BeautifulSoup is great if you don't care about the performance at all. Because i...

sigil · on Aug 12, 2021

In my experience selectolax is about 10x faster than lxml, and keeps the familiar CSS selector API: https://rushter.com/blog/python-fast-html-parser/

guskel · on Aug 11, 2021

Does Scrapy's slow speed actually matter much? Your main bottleneck is always going to be network calls and rate limiting. I don't know how much optimization can help there.

traverseda · on Aug 11, 2021

Selectolax is nice, much faster than bs4 or lxml. Not a very well known project yet though.

Not sure there's anything faster on the javascript side of the fence?

polote · on Aug 11, 2021

If they beat lxml it is pretty impressive. Too bad that they don't support xpath

f311a · on Aug 11, 2021

Libxml is pretty slow (lxml uses it).
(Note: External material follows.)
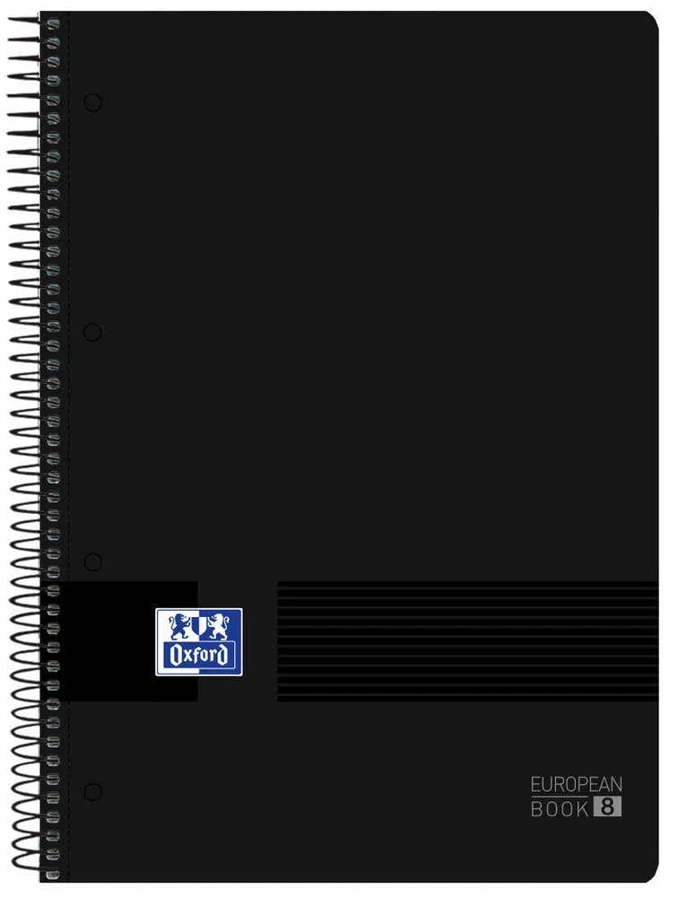 Oxford Europeanbook 8 Live & Go Cuaderno Espiral A4+ 160 Hojas Cuadricula 5X5 - 8 Bandas De Color - Tapa De Plastico Resistente - Color Negro

Selectolax is 5 times faster for simple CSS queries. It is basically a thin wrapper for a well optimized HTML parser written in C.

dec0dedab0de · on Aug 11, 2021

Beautiful Soup can use lxml, and does by default for parsing xml.

polote · on Aug 11, 2021

There is a big speed difference between lxml alone and lxml + bs4

dec0dedab0de · on Aug 12, 2021

I was unaware, I always use bs4 with lxml for parsing xml just because I like the interface. For what I'm doing, the bottleneck is the remote system/network, so it doesn't really matter. But now I'm curious about which parts are slower and why. Maybe I'll run some experiments later.

Marazan · on Aug 11, 2021

Yes, the difference is infinite with broken HTML which is checks notes a huge chunk of the Internet.